8. A semiconductor component, comprising: at least one dielectric layer; andat least one first electrode and at least one second electrode,wherein at least one first defect type and at least one second defect type, which is different from the first defect type, are present in the dielectric layer, the at least one first defect type and the at least one second defect type accumulating at one of the first and second electrodes, as a function of a main operating voltage applied between the first electrode and the second electrode, and a main operating temperature that is present at characteristic times τ1 and τ2, and generating maximum changes in barrier height δΦ1 and δΦ2 at the first and second electrodes, τ1 and δΦ1 being associated with the first defect type, and τ2 and δΦ2 being associated with the second defect type, where τ1<τ2 and δΦ1<δΦ2 apply.

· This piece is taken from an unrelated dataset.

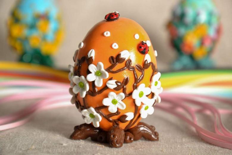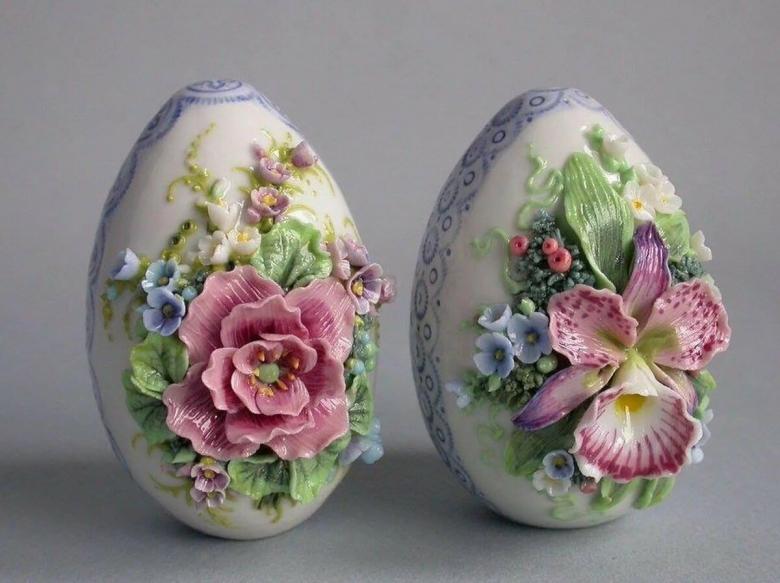 - Moulage de plastique. Aujourd'hui, des matériaux tels que la pâte à sel, la porcelaine froide, l'argile polymère sont populaires. L'élasticité unique de toutes ces bases permet non seulement de créer la forme ovale caractéristique de l'œuf, mais aussi de donner à la surface une sorte de relief.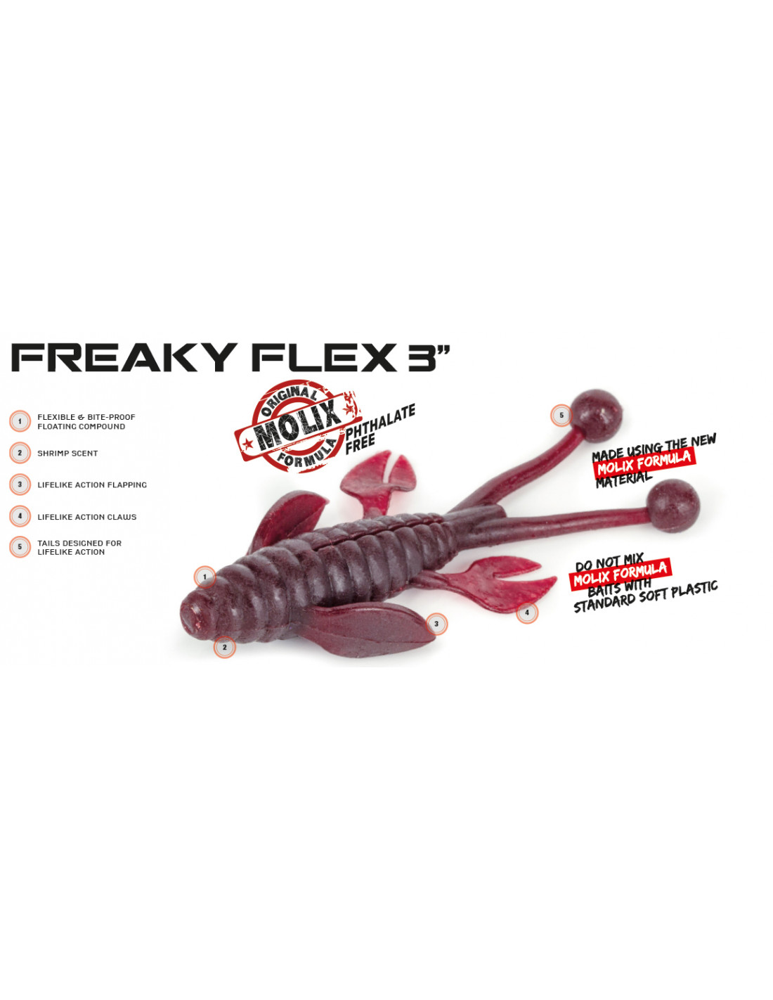 A Freaky Flex é uma pequena criatura que combina na perfeição detalhes e funcionalidades. É feita a partir de uma nova MOLIX FORMULA desenvolvida pela Molix, um composto flutuante extremamente macio e flexível, mais resistente ao corte e enriquecido com sal e aroma de camarão. Os apêndices especiais criam microvibrações durante a natação que, combinadas com as características de flutuação do material, garantem que o isco se mantém de pé enquanto salta do fundo. A Freaky Flex permite diferentes tipos de montagens, sendo adequada tanto para a pesca finesse como para grandes predadores. 6 unidades |

9. The semiconductor component as recited in claim 8, wherein at least one further, third defect type is present in the dielectric layer, the third defect type accumulating at one of the first and second electrodes as a function of the main operating voltage applied between the first electrode and the second electrode, and of the main operating temperature that is present, at a characteristic time τ3, and generating a maximum change in barrier height δΦ3 at the first and second electrodes, where τ1<τ2<τ3 applies, a sequence of the change in barrier height differing from a sequence δΦ1>δΦ2>δΦ3.

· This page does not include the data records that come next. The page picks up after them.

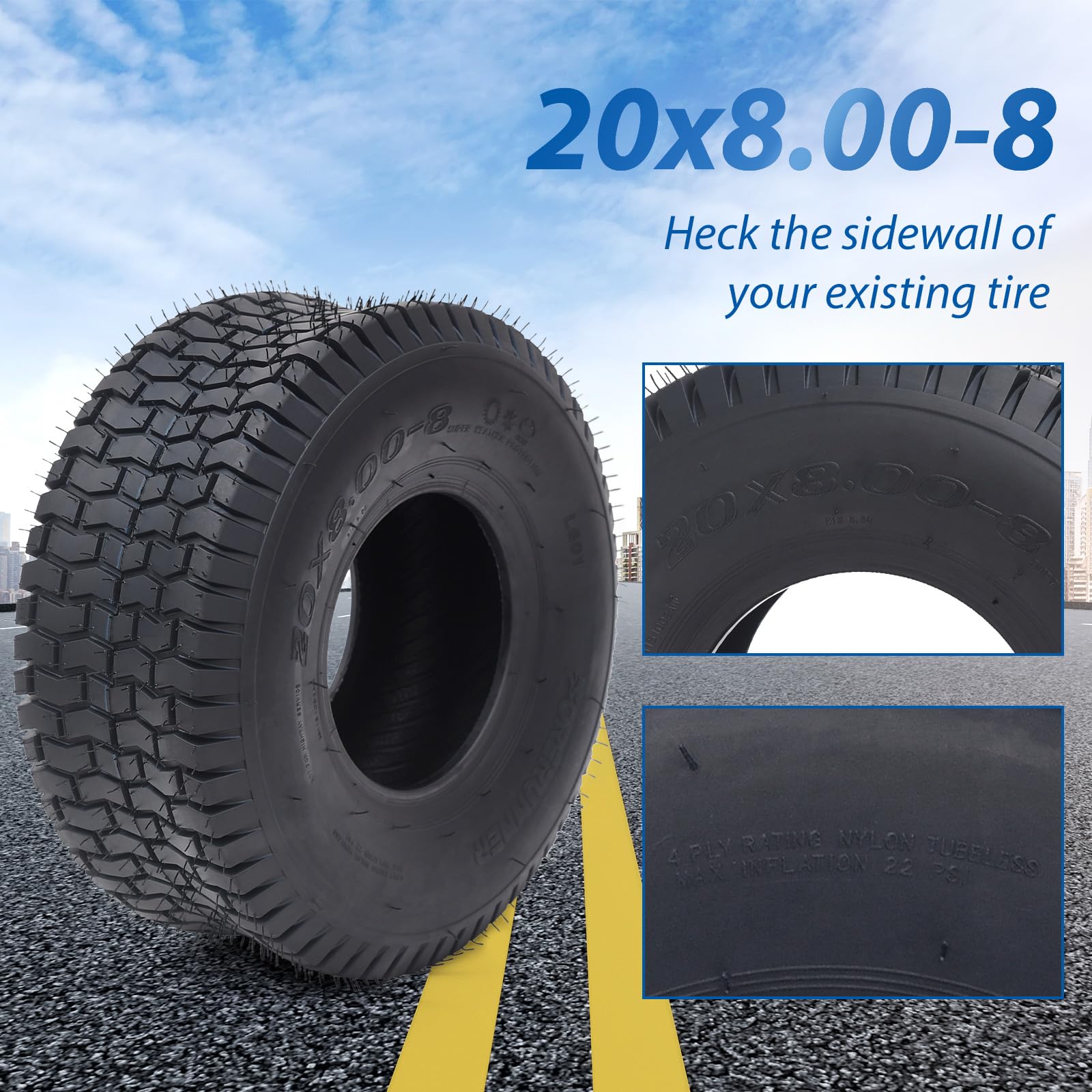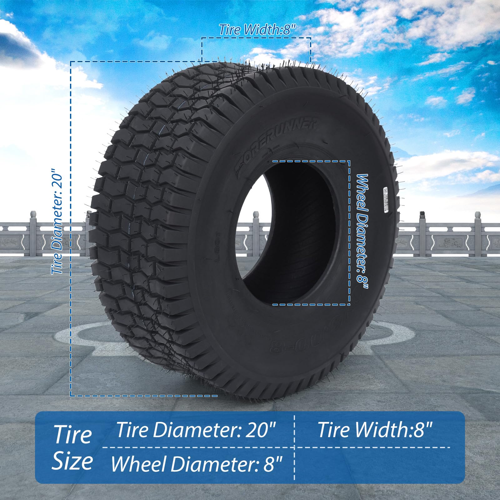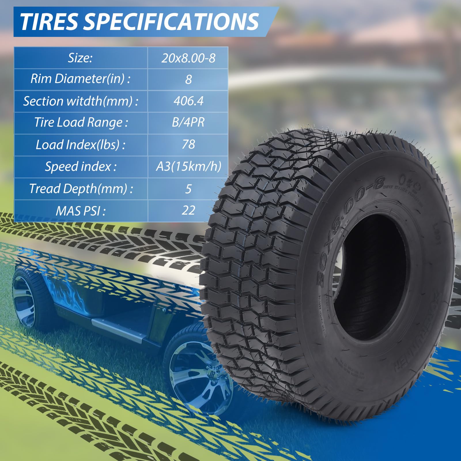 - Tire Specifications/ TireSize: 20x8.00-8/ Tread Depth: 5MM/ Brand: GARVEE/ Ply Rated: 4/ Aspect Ratio: 0.71/ OD: 493MM/ SW: 203MM/ Max Load: 950/ Load Speed Index: 78 A3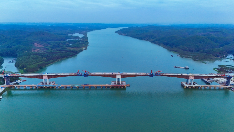 圖為飛龍大橋主跨合龍?jiān)诩?/span>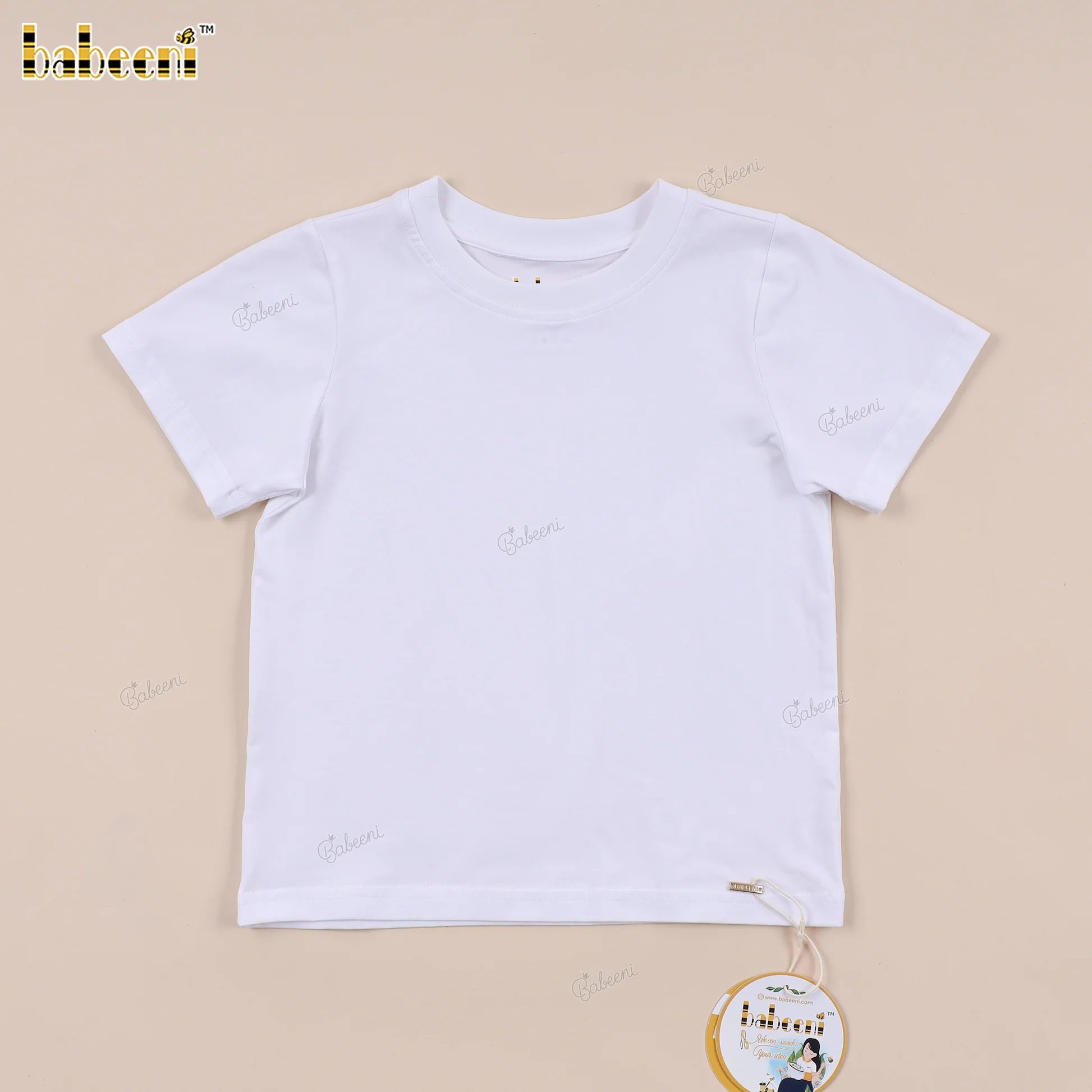 The Boys’ Cotton T-Shirt BC1399 is a versatile essential developed for international sourcing, crafted from soft white knit cotton to provide breathability and all-day comfort, designed as a refined layering piece that pairs seamlessly with coordinated sets or standalone outfits for casual and dressy occasions; carefully manufactured in Hanoi, Vietnam by BABEENI’s dedicated artisans, this T-shirt is supplied under ODM service with a clean plain-finish technique, making it suitable for seasonal collections and global wholesale programs.

10. The semiconductor component as recited in claim 8, wherein the dielectric layer is a polycrystalline oxidic high-k dielectric.

11. The semiconductor component as recited in claim 10, wherein the dielectric layer is a PZT layer or a KNN layer.

12. The semiconductor component as, recited in claim 8, wherein the dielectric layer is a sputtered PZT layer.

13. The semiconductor component as recited in claim 12, wherein the sputtered PZT layer has a PZT deposition temperature of less than 500° C.

14. The semiconductor component as recited in claim 12, wherein the sputtered PZT layer has a composition of Pbx(Zr0.52Ti0.48)O3, where 1.2≤x≤1.3.

15. The semiconductor component as recited in claim 12, wherein the sputtered PZT layer has a nickel content between 0.1 and 1 atom percent.